31 Temmuz 2014 Perşembe

Mutluluk ve Gülmek


Kahkahamıza da  müdahale eden bir  devlet ile  karşı  karşıyayken,  neşemize, coşkumuza, mutluluğumuza ne oldu? 
İstenen,  bedenimizi ve duygularımızı tamamen unutalım, mutsuz bir  toplum olalım. Yaşam enerjimiz  olan nefesimizi unutalım,  hayatı  sorgulamadan mutsuzca  her şey yolunda gibi  davranalım.

Kim  buna  EVET der?

İçten kahkaha atmayan ya da  atamayan  onca  insan varken şimdi de  iffetli olmamız  bekleniliyor.

Çocukluğumuzdan başlıyor  bu kalıplar;
Sesin  çok kötü  sen şarkı  söyleme
Çok kötü  dans ediyorsun
Çok gülersen  ağlarsın
Mutlu  olursan kaybedersin
Gülerken dişlerin görünmesin 
Sonuç : Mutsuzluk  üzerine  kurulu  bir toplum.

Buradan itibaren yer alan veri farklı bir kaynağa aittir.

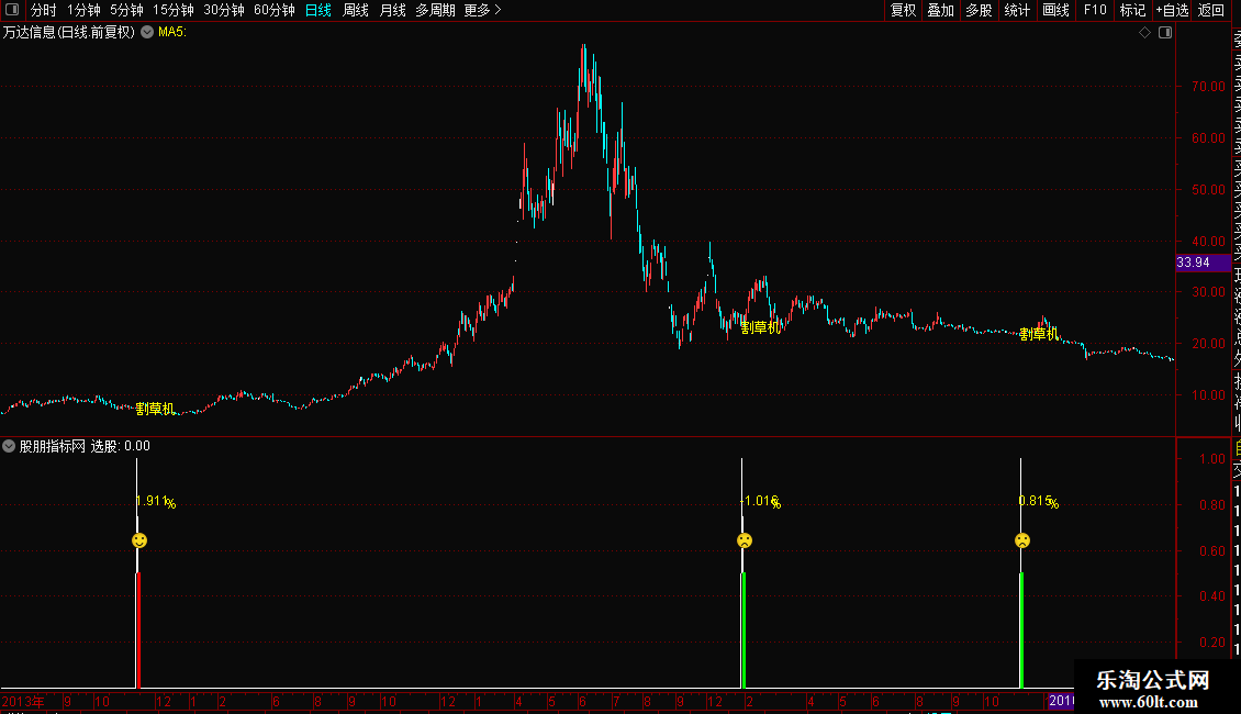 这款通达信尾盘割草机属于实用型主副图搭配指标,也是针对性极强的尾盘公式,核心优势在于发出信号后,能帮助股民在尾盘相对低位及时介入,信号出现精准度高,属于实战性较强的精品股票指标,不管是电脑版通达信还是手机版通达信,都能正常安装使用,适配全场景看盘需求。

Bir insana  mutsuz  olmak nedir diye sorsan sana  hemen hayat  hikayesini  anlatır.  Yazsam hayatım roman  olur der J ya o unuttuğumuz  mutluluk

Mutluysan;
Nefes alırsın, var olursun, sağlıklı  olursun, canlı  ve tutkulu olursun, yaşama  güvenir ve  izin verirsin, akıcı  olursun, tüm bedenin bir  girdaba  kapılıp da  kaybolma  hissini  yaşamaz, bedenini seversin, başka dünyaları düşünmezsin,  cennet  ve  cehennem kavramı kalmaz şimdi de  olursun.

Gülerken tüm bedenin  bütünleşir, ruhunla  bedenin bütünleşir,  yaşamın ta  kendisi  olur; gözlerin parlar,  enerjin değişir, uyanık olursun, neşen senfoniye dönüşür, uyum içinde  olursun, güzelliğini  görürsün.






 O kadar  çok unutmuşuz  ki  kendimizi,  doğallığımızdan uzakta…. Çoşkulu, Neşeli ve Mutlu olduğunda, toplum senin bu hallerine deli düşüncesiyle de bakabilir olsun sen varlığınla ışığını yansıtmaya devam  et.

Gülmek herkese  yakışıyor,  sevginle, içtenliğinle,  var oluşunla, bedeninin derinliklerinden çıkan  güzel kahkahaların olsun.